◆ WHAT YOU NEED TO DO ◆
Apart from the pictures, every entry below should be repeated exactly.

◆ RECORDS SUPPLIED ◆

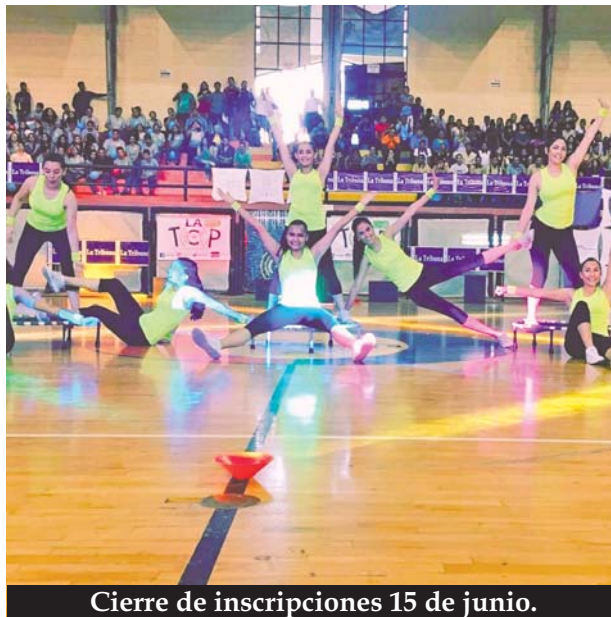
Cierre de inscripciones 15 de junio.

El talento y creatividad la pones tú, así que alístate e inscríbete ya, la fecha límite para que te registres es este 15 de junio, para más información marca el teléfono 3290-9064. Te invita por supuesto tu revista Vivela y La Top.
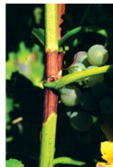
Egyetlen fásodás
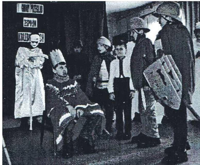
Przegląd zespołów kolędniczych w Komańczy. Kolędnicy z Komańczy, 2000 r.
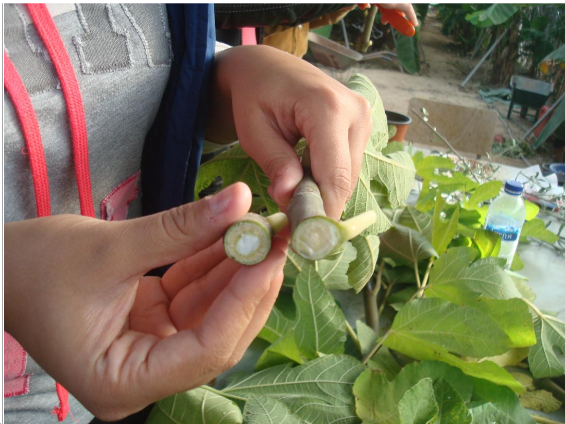
Εικόνα 17 Προετοιμασία μοσχευμάτων συκιάς- κοπή πάνω στο γόνατο (θερμοκήπιο денδροκομίας, ΤΕΙ Κρήτης)
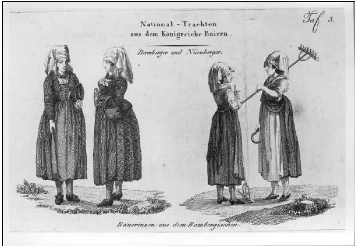
3.13 G.W. Kraus, National - Trachten aus dem Königreiche Bayern. Bamberger und Nürnberger. Bäuerinnen aus dem Bambergischen (Detail), 1813.
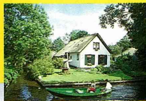
■羊角村的水路社區一景。

荷蘭人的圍堤、造陸與運河風光在休閒產業上是與荷蘭的風車、鬱金香、乳酪同樣的重要，明年夏天我們將帶領鄉間小路的讀者拜訪大畫家梵谷的故鄉，去體驗這個位在海平面6公尺下的低地國農業。
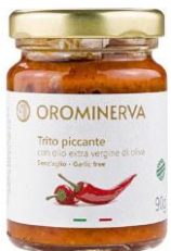
Trito piccante 90 g Code CRP01
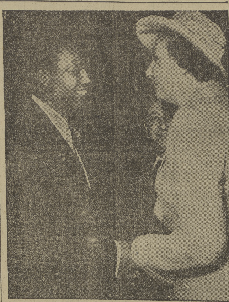
Diez mil dólares contra el cáncer. El campeón mundial Ray Robinson entrega a Mme. Aurio, esposa del presidente francés, un cheque de diez mil dólares...
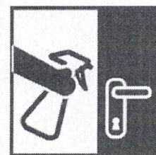
Влажная уборка дома ежедневно
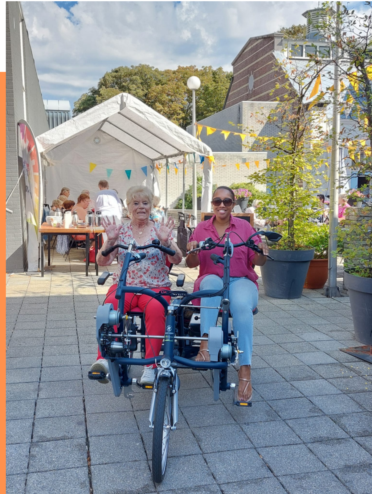
Duo-fiets een donatie van Seniorenraad Kralingen-Crooswijk

A Thousand Words Cultuur Concreet DOCK Erasmusstichting Gemeente Rotterdam – bewonersinitiatief Laurensfonds Neyenburg Oranje Fonds PLUS supermarkt RCOAK
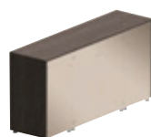
4 стеклянные дверцы
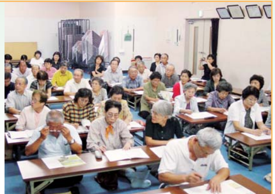
住民座談会の様子

また、住民座談会を市内48地区のコミュニティ協議会で行い、住民参加を得て、策定過程を住民と共有しながら、地域の生活課題や社会資源の状況、地域福祉推進の理念について、連携を図りながら現在課題整理を行っております。
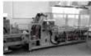
前浜町品田島村に寄贈した竹輪製機
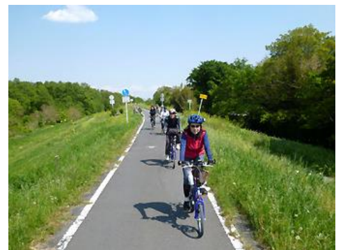
〈荒川自転車道でサイクリング〉
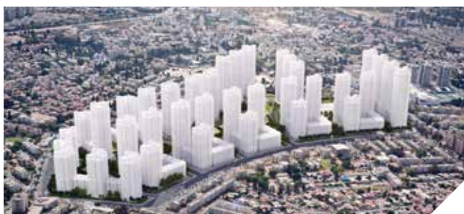
ההתחדשות העירונית. מחדשים את פני העיר
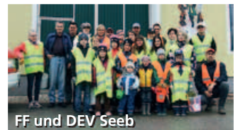
FF und DEV Seeb
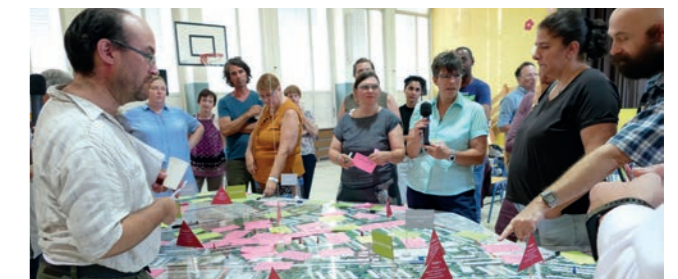
Abbildung 13: Auftaktveranstaltung

Im Rahmen der öffentlichen Auftaktveranstaltung am 9. August 2018 gab es für alle Interessierten die Möglichkeit, sich umfassend zu informieren und Hinweise und Kommentare direkt an das Planungsteam zu geben.
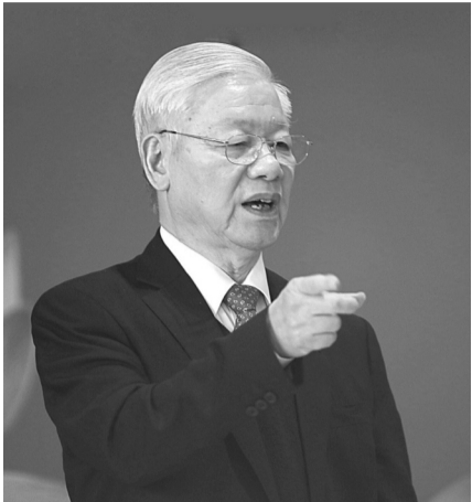
● Cố Tổng Bí thư Nguyễn Phú Trọng.

Những hiểm họa mà các doanh nghiệp “sân sau” gây ra không chỉ làm tha hóa một bộ phận cán bộ, đảng viên, méo mó chính sách, lung đoạn nền kinh tế, mà nghiêm trọng hơn là suy giảm niềm tin của Nhân dân đối với Đảng, Nhà nước. Trong bối cảnh Đảng ta đang đẩy mạnh đấu tranh phòng, chống tham nhũng, tiêu cực, việc chặn đứng hiểm họa từ các doanh nghiệp “sân sau” càng trở nên hệ trọng và cấp thiết.

◆ TASK ANSWER ◆
Cierre de inscripciones 15 de junio.

El talento y creatividad la pones tú, así que alístate e inscríbete ya, la fecha límite para que te registres es este 15 de junio, para más información marca el teléfono 3290-9064. Te invita por supuesto tu revista Vivela y La Top.
Egyetlen fásodás
Przegląd zespołów kolędniczych w Komańczy. Kolędnicy z Komańczy, 2000 r.
Εικόνα 17 Προετοιμασία μοσχευμάτων συκιάς- κοπή πάνω στο γόνατο (θερμοκήπιο денδροκομίας, ΤΕΙ Κρήτης)
3.13 G.W. Kraus, National - Trachten aus dem Königreiche Bayern. Bamberger und Nürnberger. Bäuerinnen aus dem Bambergischen (Detail), 1813.
■羊角村的水路社區一景。

荷蘭人的圍堤、造陸與運河風光在休閒產業上是與荷蘭的風車、鬱金香、乳酪同樣的重要，明年夏天我們將帶領鄉間小路的讀者拜訪大畫家梵谷的故鄉，去體驗這個位在海平面6公尺下的低地國農業。
Trito piccante 90 g Code CRP01
Diez mil dólares contra el cáncer. El campeón mundial Ray Robinson entrega a Mme. Aurio, esposa del presidente francés, un cheque de diez mil dólares...
Влажная уборка дома ежедневно
Duo-fiets een donatie van Seniorenraad Kralingen-Crooswijk

A Thousand Words Cultuur Concreet DOCK Erasmusstichting Gemeente Rotterdam – bewonersinitiatief Laurensfonds Neyenburg Oranje Fonds PLUS supermarkt RCOAK
4 стеклянные дверцы
住民座談会の様子

また、住民座談会を市内48地区のコミュニティ協議会で行い、住民参加を得て、策定過程を住民と共有しながら、地域の生活課題や社会資源の状況、地域福祉推進の理念について、連携を図りながら現在課題整理を行っております。
前浜町品田島村に寄贈した竹輪製機
〈荒川自転車道でサイクリング〉
ההתחדשות העירונית. מחדשים את פני העיר
FF und DEV Seeb
Abbildung 13: Auftaktveranstaltung

Im Rahmen der öffentlichen Auftaktveranstaltung am 9. August 2018 gab es für alle Interessierten die Möglichkeit, sich umfassend zu informieren und Hinweise und Kommentare direkt an das Planungsteam zu geben.
● Cố Tổng Bí thư Nguyễn Phú Trọng.

Những hiểm họa mà các doanh nghiệp “sân sau” gây ra không chỉ làm tha hóa một bộ phận cán bộ, đảng viên, méo mó chính sách, lung đoạn nền kinh tế, mà nghiêm trọng hơn là suy giảm niềm tin của Nhân dân đối với Đảng, Nhà nước. Trong bối cảnh Đảng ta đang đẩy mạnh đấu tranh phòng, chống tham nhũng, tiêu cực, việc chặn đứng hiểm họa từ các doanh nghiệp “sân sau” càng trở nên hệ trọng và cấp thiết.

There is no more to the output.